How the Secure Scripting in Activiti works

One of the prominent features of the recent Activiti 5.21.0 release is ‘secure scripting’. The way to enable and use this feature is documented in detail in the Activiti user guide. In this post, I’ll show the details of the implementation and what it’s doing under the hood.

The Problem

The Activiti engine has supported scripting for script tasks (and task/execution listeners) since a long time. The scripts that are used are defined in the process definition and they can be executed directly after deploying the process definition. Which is something many people like. This is a big difference with Java delegate classes or delegate expressions, as they generally require putting the actual logic on the classpath. Which, in itself already introduces some sort of ‘protection’ as a power user generally only can do this.

However, with scripts, no such ‘extra step’ is needed. If you give the power of script tasks to end users (and we know from some of our users some companies do have this use case), all bets are pretty much off. You can shut down the JVM or do malicious things by executing a process instance.

A second problem is that it’s quite easy to write a script that does an infinite loop and never ends. A third problem is that a script can easily use a lot of memory when executed and hog a lot of system resources.

Let’s look at the first problem for starters. First off all, let’s add the latest and greatest Activiti engine dependency and the H2 in memory database library:

<dependencies>
  <dependency>
    <groupId>org.activiti</groupId>
    <artifactId>activiti-engine</artifactId>
    <version>5.21.0</version>
  </dependency>
  <dependency>
    <groupId>com.h2database</groupId>
    <artifactId>h2</artifactId>
    <version>1.3.176</version>
  </dependency>
</dependencies>

The process we’ll use here is trivially simple: just a start event, script task and end. The process is not really the point here, the script execution is. Screenshot from 2016-06-13 20:16:21

The first script we’ll try does two things: it will get and display my machine’s current network configuration (but there are obviously more dangerous applications of this idea) and then shutdown the whole JVM. Of course, in a proper setup, some of this will be mitigated by making sure that the user running the logic does not have any rights that matter on the machine (but doesn’t solve the resources hogging issue). But I think that demonstrates pretty well why giving the power of scripts to just about anyone is really bad security-wise.

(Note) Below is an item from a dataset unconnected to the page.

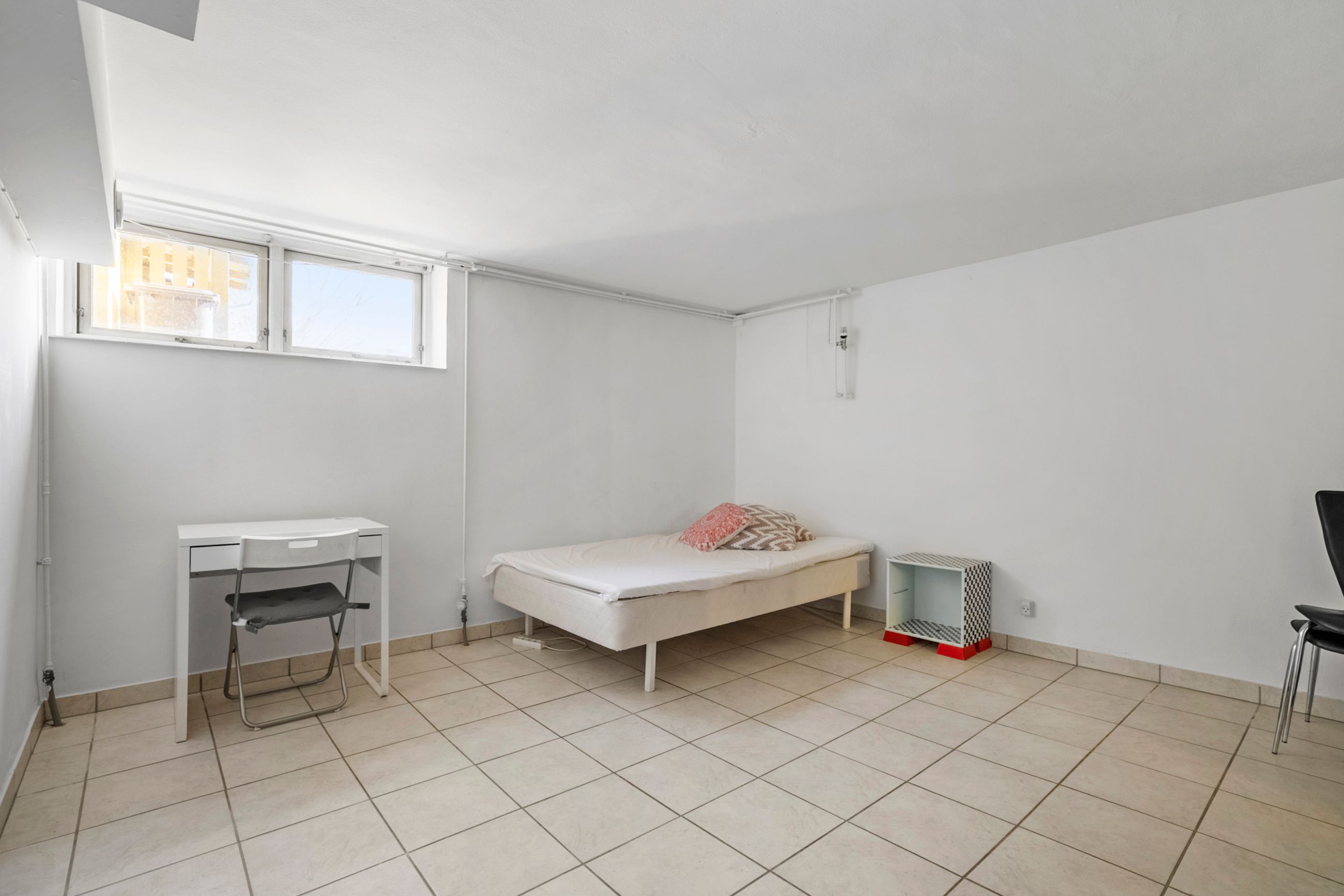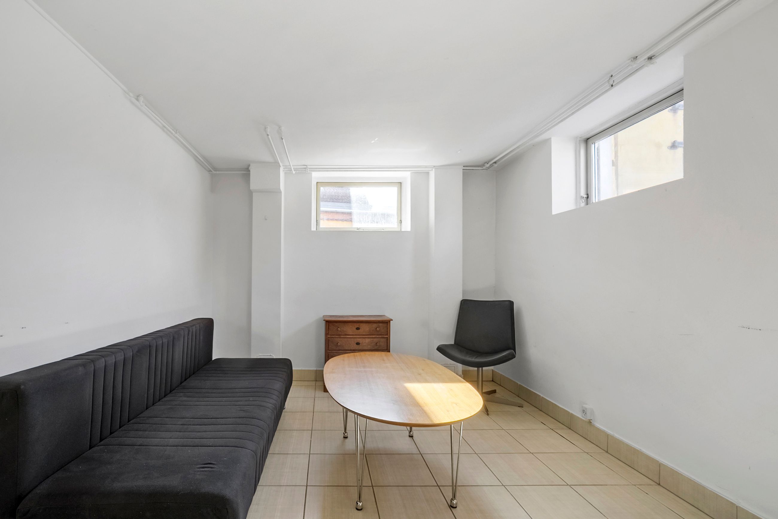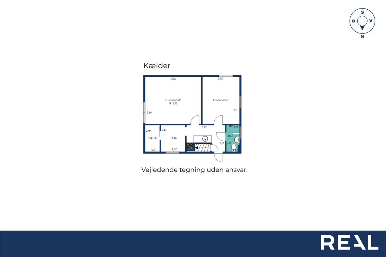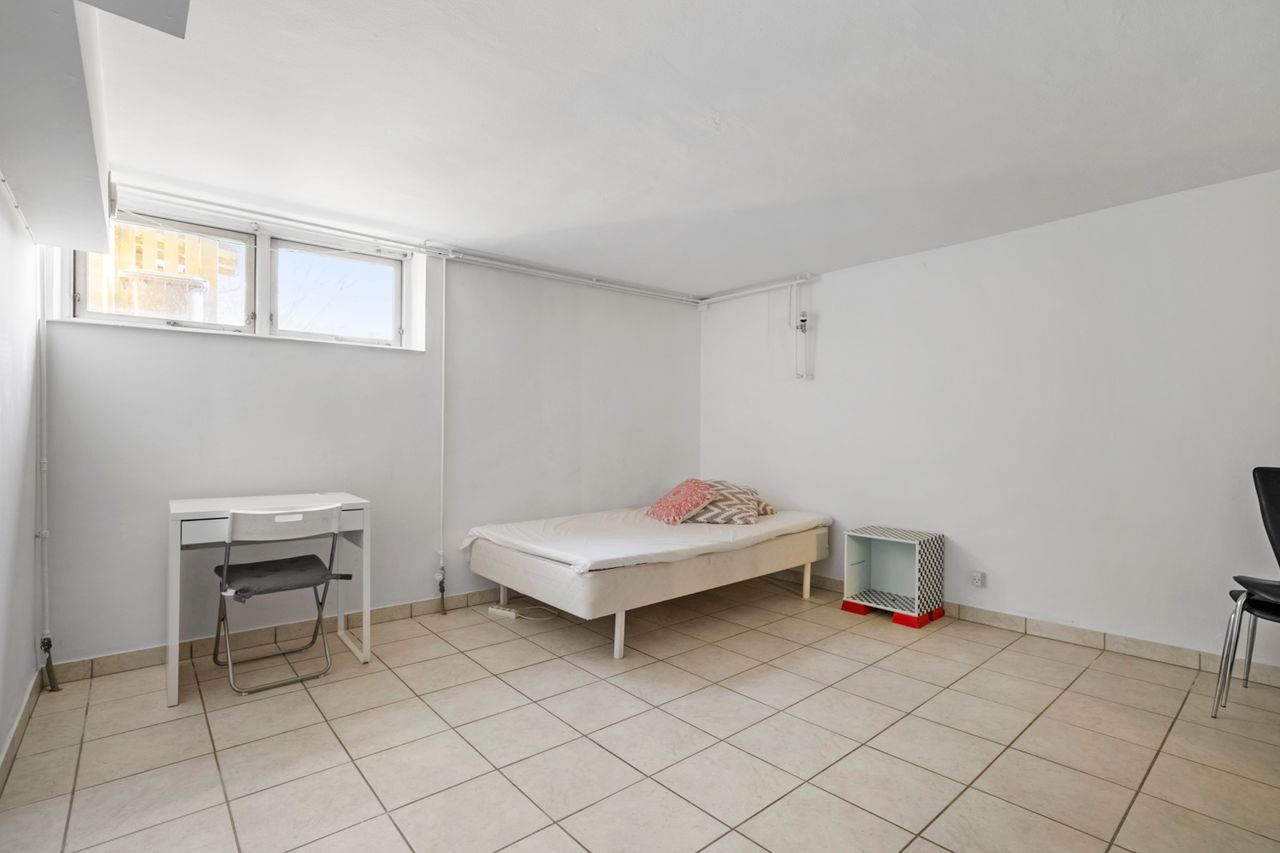 Kælderen byder på flere disponible rum samt teknikum og badeværelse, hvilket giver gode muligheder for hobbyrum, opbevaring, træningsrum eller andre kreative formål.

<scriptTask id="myScriptTask" scriptFormat="javascript">
  <script>
    var s = new java.util.Scanner(java.lang.Runtime.getRuntime().exec("ifconfig").getInputStream()).useDelimiter("\\A");
    var output = s.hasNext() ? s.next() : "";
    java.lang.System.out.println("--- output = " + output);
    java.lang.System.exit(1);
  </script>
</scriptTask>

Let’s deploy the process definition and execute a process instance:

public class Demo1 {

    public static void main (String[] args) {

        // Build engine and deploy
        ProcessEngine processEngine = new StandaloneInMemProcessEngineConfiguration().buildProcessEngine();
        RepositoryService repositoryService = processEngine.getRepositoryService();
        repositoryService.createDeployment().addClasspathResource("process.bpmn20.xml").deploy();

        // Start process instance
        RuntimeService runtimeService = processEngine.getRuntimeService();
        runtimeService.startProcessInstanceByKey("myProcess");
    }
}

Which gives following output (shortened here):

— output = eth0 Link encap:Ethernet
inet addr:192.168.0.114 Bcast:192.168.0.255 Mask:255.255.255.0

Process finished with exit code 1

It outputs information about all my network interfaces and then shutdows down the whole JVM. Yipes. That’s scary.

Trying Nashorn

The solution to our first problem is that we need to whitelist what we want to expose in a script, and have everything blacklisted by default. This way, users won’t be able to run any class or method that can do something malicious.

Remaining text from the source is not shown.